Materials provided below:
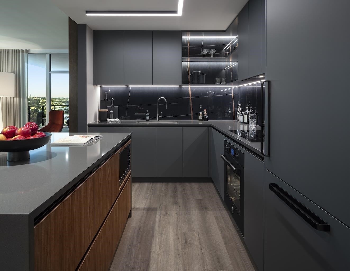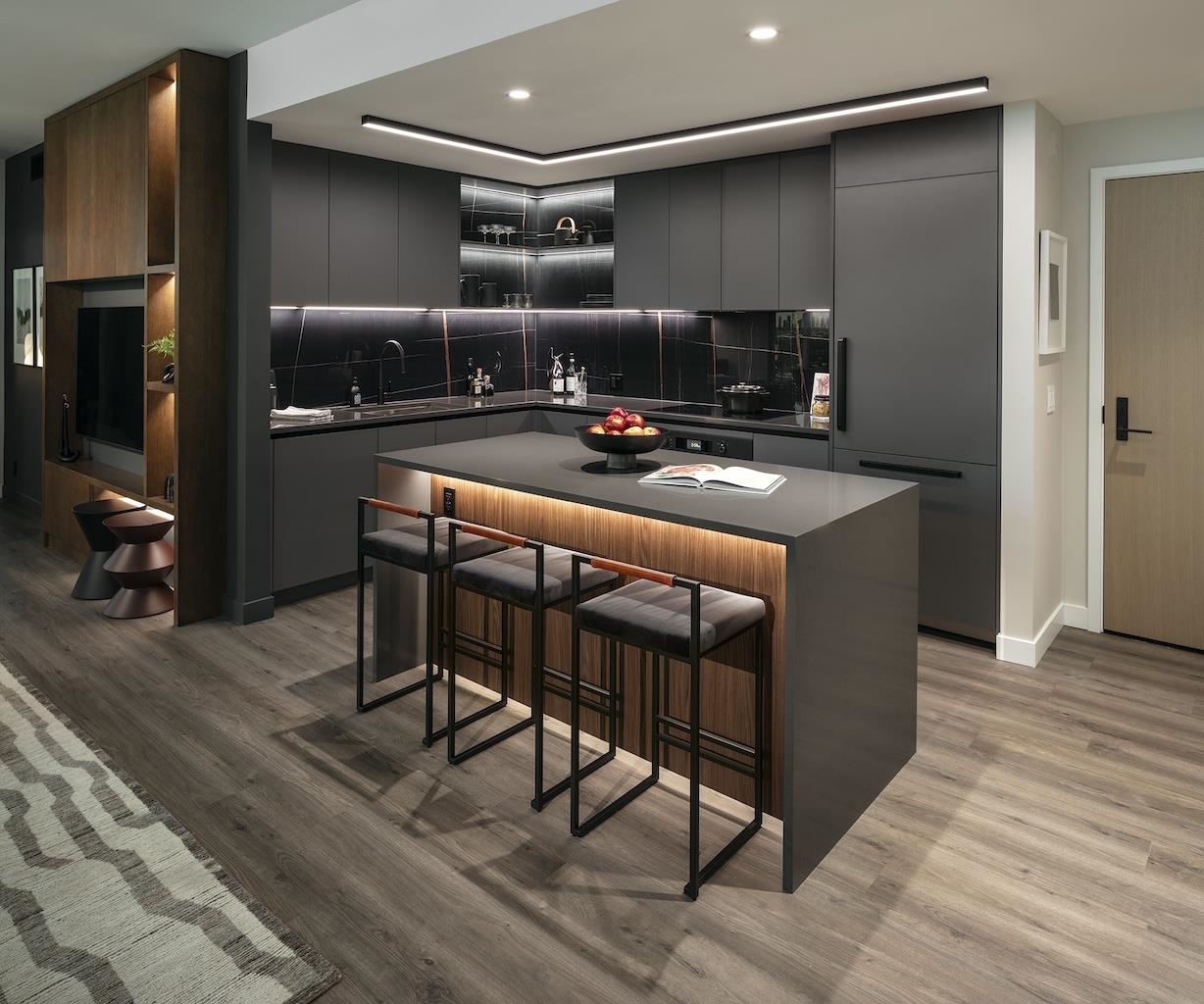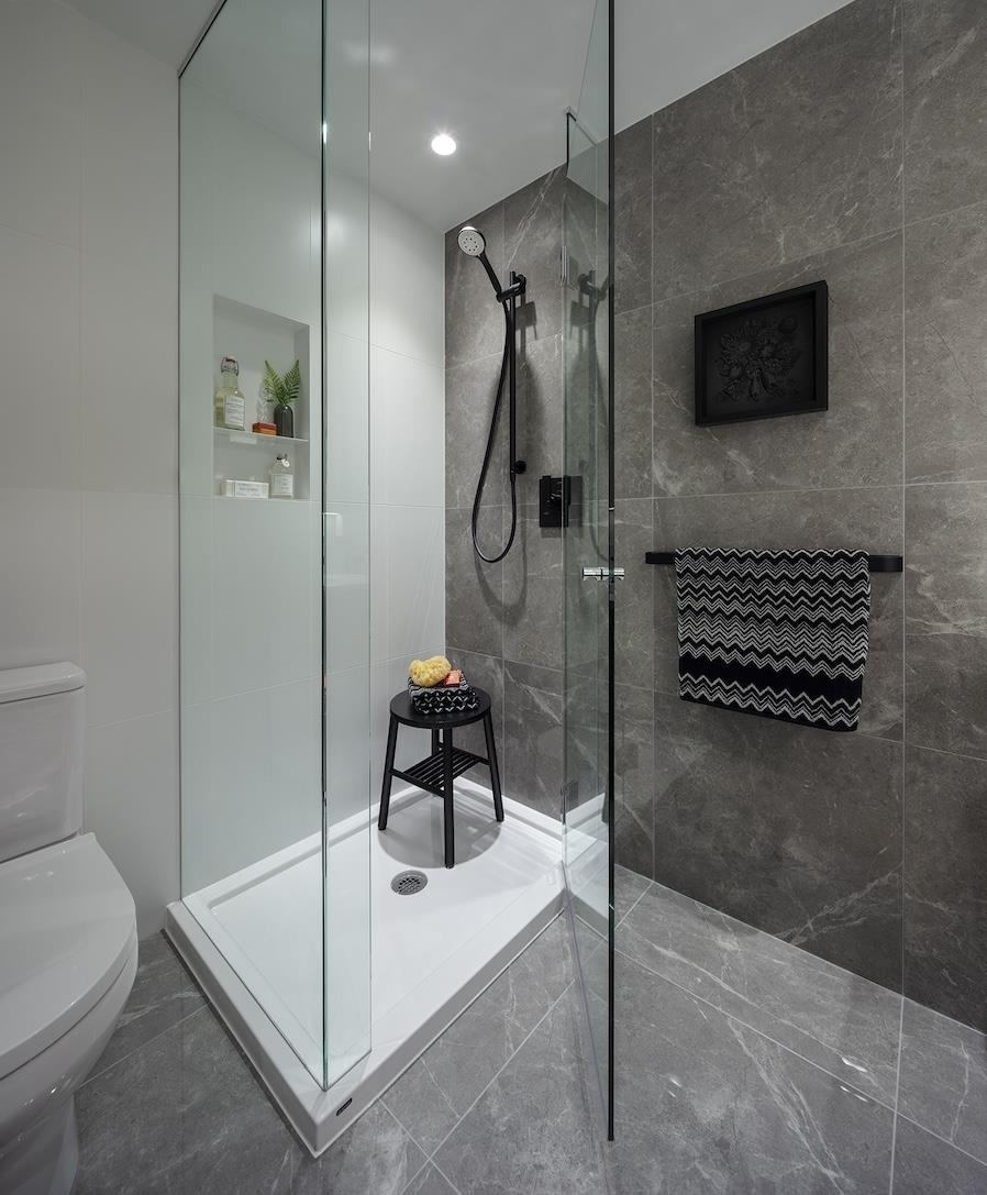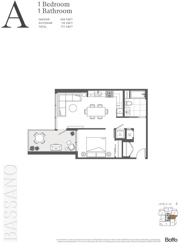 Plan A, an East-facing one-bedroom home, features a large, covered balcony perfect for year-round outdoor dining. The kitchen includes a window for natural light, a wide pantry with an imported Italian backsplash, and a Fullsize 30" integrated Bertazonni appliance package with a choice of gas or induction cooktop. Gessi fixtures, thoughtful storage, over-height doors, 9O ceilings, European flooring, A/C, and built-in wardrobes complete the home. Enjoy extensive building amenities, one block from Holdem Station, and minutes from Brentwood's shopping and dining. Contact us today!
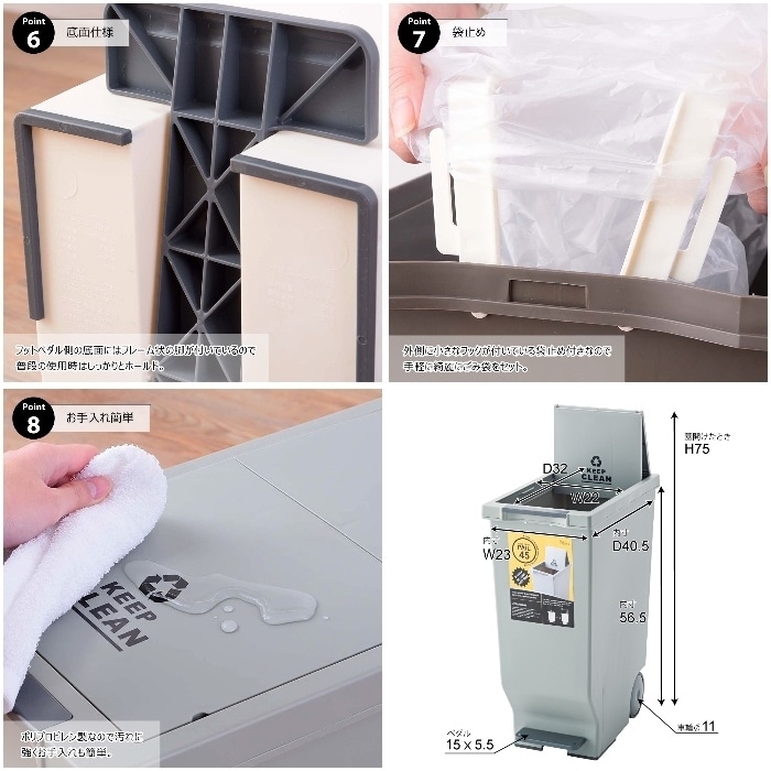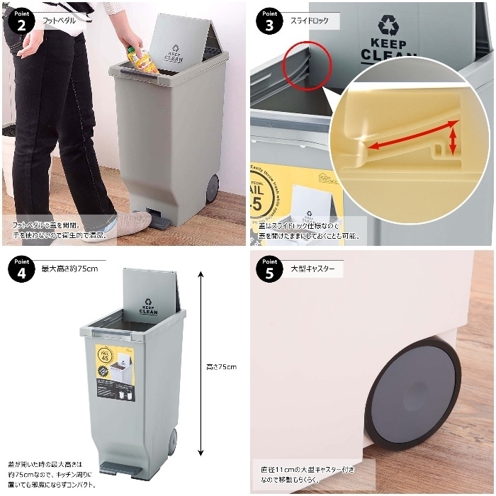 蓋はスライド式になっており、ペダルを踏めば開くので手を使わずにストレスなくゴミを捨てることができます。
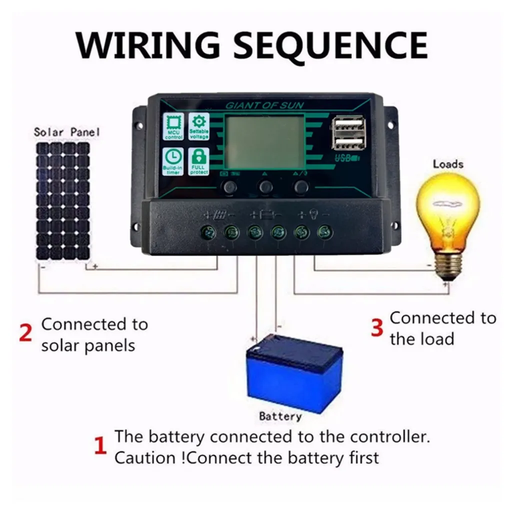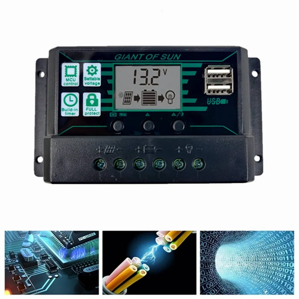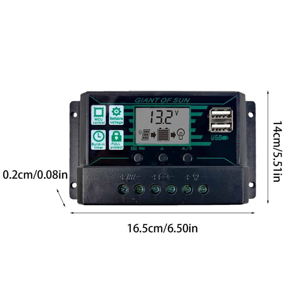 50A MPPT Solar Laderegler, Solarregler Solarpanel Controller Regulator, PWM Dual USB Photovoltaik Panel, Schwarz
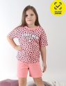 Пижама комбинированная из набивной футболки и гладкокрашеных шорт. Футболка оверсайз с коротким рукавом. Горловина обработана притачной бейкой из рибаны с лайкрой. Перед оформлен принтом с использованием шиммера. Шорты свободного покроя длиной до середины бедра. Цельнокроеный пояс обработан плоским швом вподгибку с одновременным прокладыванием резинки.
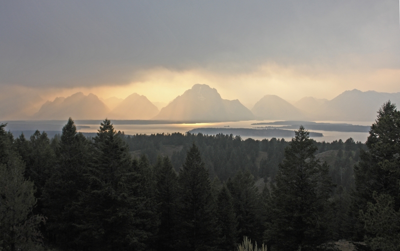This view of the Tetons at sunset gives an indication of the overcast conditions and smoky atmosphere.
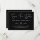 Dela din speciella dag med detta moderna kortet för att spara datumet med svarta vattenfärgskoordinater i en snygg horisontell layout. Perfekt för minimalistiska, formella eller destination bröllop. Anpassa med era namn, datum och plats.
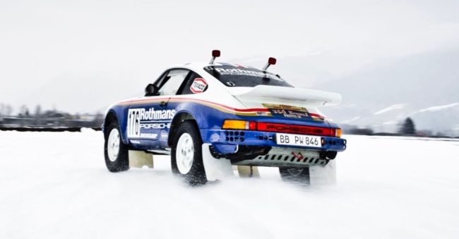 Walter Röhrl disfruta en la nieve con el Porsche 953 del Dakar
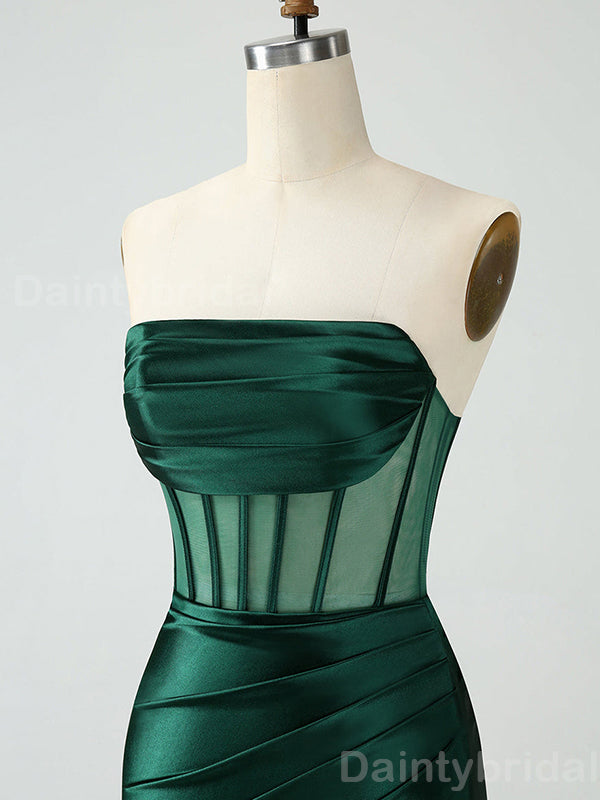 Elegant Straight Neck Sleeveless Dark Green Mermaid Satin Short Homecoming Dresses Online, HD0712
End of Materials provided.
Write out again exactly the lines above from the one with "50A MPPT Solar" through the one with "Walter Röhrl disfruta", adding no other lines and no pictures.

 50A MPPT Solar Laderegler, Solarregler Solarpanel Controller Regulator, PWM Dual USB Photovoltaik Panel, Schwarz
 Пижама комбинированная из набивной футболки и гладкокрашеных шорт. Футболка оверсайз с коротким рукавом. Горловина обработана притачной бейкой из рибаны с лайкрой. Перед оформлен принтом с использованием шиммера. Шорты свободного покроя длиной до середины бедра. Цельнокроеный пояс обработан плоским швом вподгибку с одновременным прокладыванием резинки.
This view of the Tetons at sunset gives an indication of the overcast conditions and smoky atmosphere.
 Dela din speciella dag med detta moderna kortet för att spara datumet med svarta vattenfärgskoordinater i en snygg horisontell layout. Perfekt för minimalistiska, formella eller destination bröllop. Anpassa med era namn, datum och plats.
 Walter Röhrl disfruta en la nieve con el Porsche 953 del Dakar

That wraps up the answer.